[[ Source data open ]]

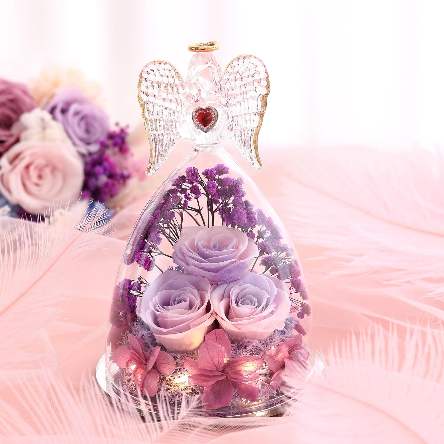Mothers Day Rose Gifts for Women, Large Angel Figurines with Real Roses, Preserved Real Flower Rose for Her, PinkPurPur
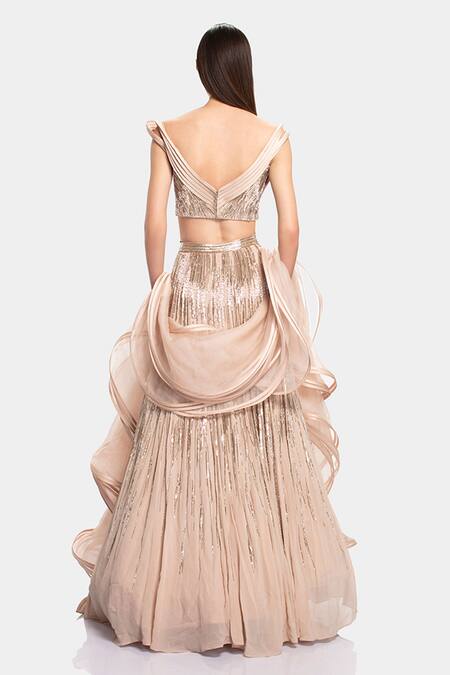Rose champagne lehenga with brushstroke hand embroidery enhanced with glass bugle beads. Comes with twisted boat neck blouse & ruffle dupatta.
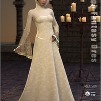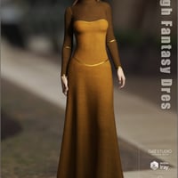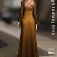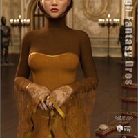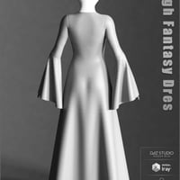 With this versatile dress your Genesis 8 Female(s) can be the queen everyone is looking up to, the romantic princess or the dark fantasy ruler. Dress your figures royally with this dynamic high fantasy gown, consisting of a long-sleeved dress with a long skirt, an additional high collar, and wide sleeves. Included are 3 high-quality texture styles, of which the third style can be easily recolored inside of the surfaces tab for custom colors.
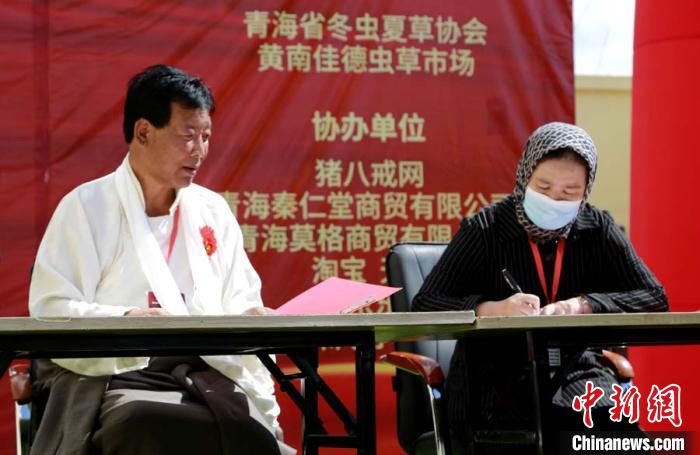 圖為企業(yè)家與供貨商在現(xiàn)場(chǎng)簽定供銷合同。青海省冬蟲(chóng)夏草協(xié)會(huì)供圖
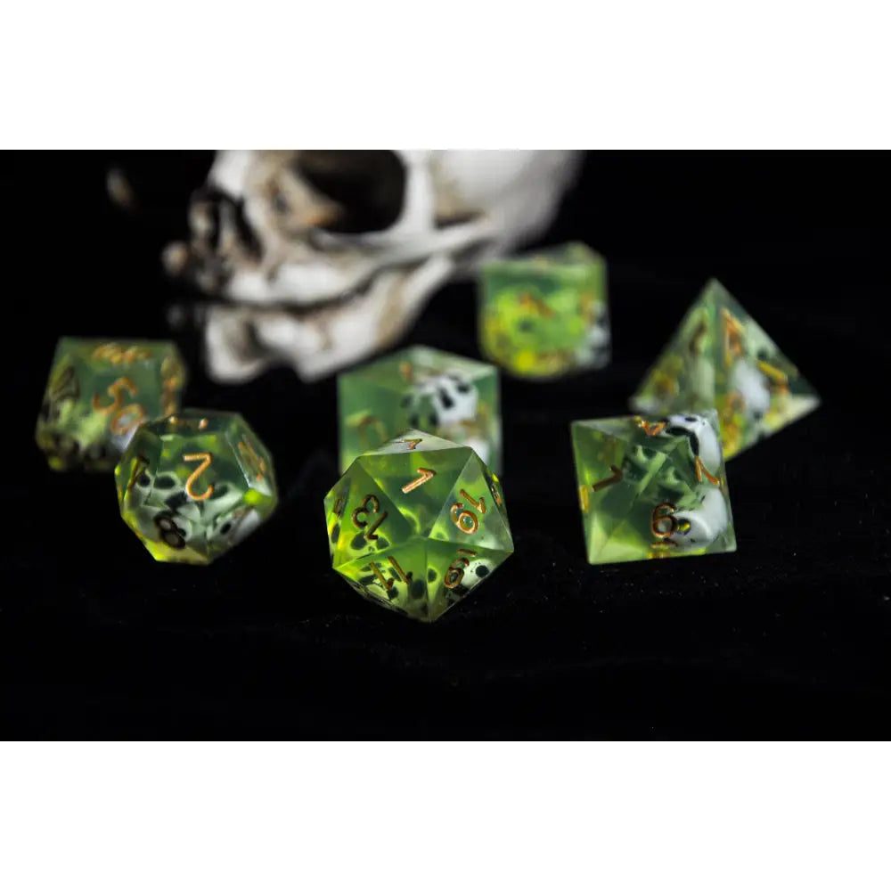 We all know of the infamous Gelatinous Cube, but did you know that they come in other shapes as well? These Gelatinous polyhedral resin dice are handmade and contain the little skulls of their unfortunate gloopy victims.
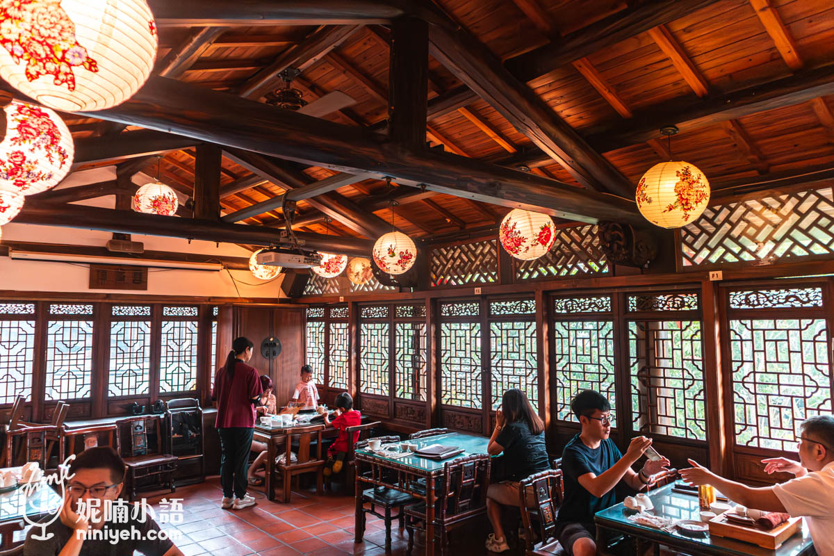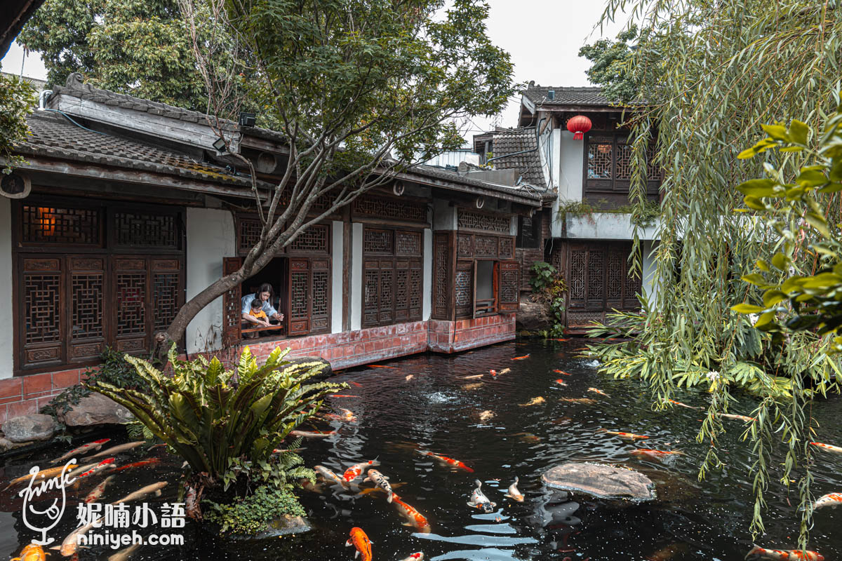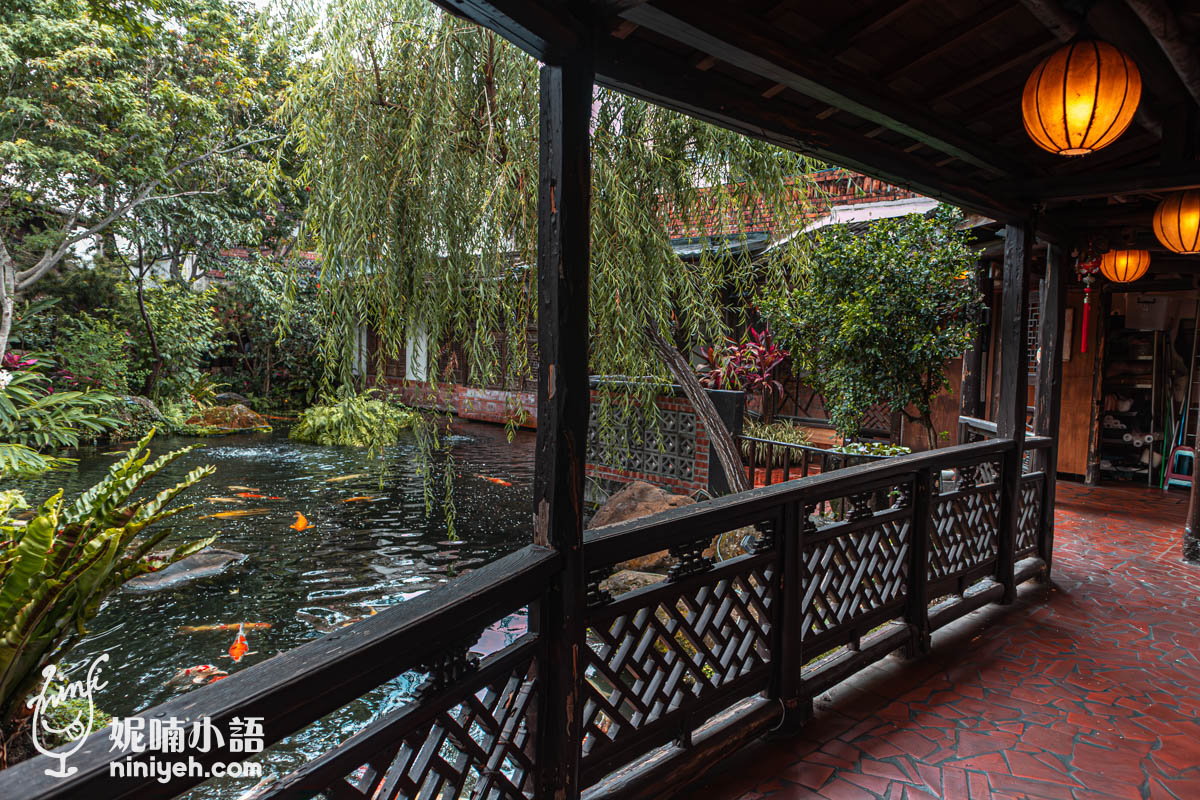 走進『竹居茶樓』不禁讓我想起台中的《無為草堂》、新竹的《The One南園人文客棧》,都有古色古香的迴廊、小橋流水和江南庭園,燈籠高掛、柳枝垂墜還有窗花陪襯下顯得仙氣飄飄,不過 『竹居茶樓』沒有前兩家這麼細心維護,難掩老舊氣息。
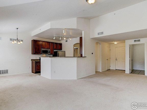 Large and open 1,271 sqft condo, end unit, top floor with vaulted ceilings so no loud neighbors! Extra long garage big enough for a vehicle and plenty of storage! Separate, private wings for the bedrooms make it great for roommates or to have separation from guests/kids. Master bedroom has attached full bath and private deck. Additional deck is accessible from 2nd bedroom and living room. Open concept floor plan. Very airy feeling with the vaulted ceilings. Comes with nearly new Maytag appliances. Includes extra long 1 car garage right in front of unit. Beautiful community center with gym, common areas, pool and year-round hot tub with views of the mountains! Every 4th Wednesday of every month there's food truck night with community food trucks and games. This is a great community to live/work/play with easy access to downtown Lafayette, Denver, Boulder, Fort Collins and I-25. Ready for move in now. 12 month initial lease with options to renew. Owner pays for trash, water/sewer, HOA fees. One well behaved, potty-trained pet negotiable with extra pet rent. Absolutely no smokers. 12 month lease with option to renew.

[[ Source data closed ]]

• _Problem description_: Restate word for word, and only, the lines from the line that contains "We all know" through the end of the data, both included; pictures are not part of the copy.

• _Result_:
 We all know of the infamous Gelatinous Cube, but did you know that they come in other shapes as well? These Gelatinous polyhedral resin dice are handmade and contain the little skulls of their unfortunate gloopy victims.
 走進『竹居茶樓』不禁讓我想起台中的《無為草堂》、新竹的《The One南園人文客棧》,都有古色古香的迴廊、小橋流水和江南庭園,燈籠高掛、柳枝垂墜還有窗花陪襯下顯得仙氣飄飄,不過 『竹居茶樓』沒有前兩家這麼細心維護,難掩老舊氣息。
 Large and open 1,271 sqft condo, end unit, top floor with vaulted ceilings so no loud neighbors! Extra long garage big enough for a vehicle and plenty of storage! Separate, private wings for the bedrooms make it great for roommates or to have separation from guests/kids. Master bedroom has attached full bath and private deck. Additional deck is accessible from 2nd bedroom and living room. Open concept floor plan. Very airy feeling with the vaulted ceilings. Comes with nearly new Maytag appliances. Includes extra long 1 car garage right in front of unit. Beautiful community center with gym, common areas, pool and year-round hot tub with views of the mountains! Every 4th Wednesday of every month there's food truck night with community food trucks and games. This is a great community to live/work/play with easy access to downtown Lafayette, Denver, Boulder, Fort Collins and I-25. Ready for move in now. 12 month initial lease with options to renew. Owner pays for trash, water/sewer, HOA fees. One well behaved, potty-trained pet negotiable with extra pet rent. Absolutely no smokers. 12 month lease with option to renew.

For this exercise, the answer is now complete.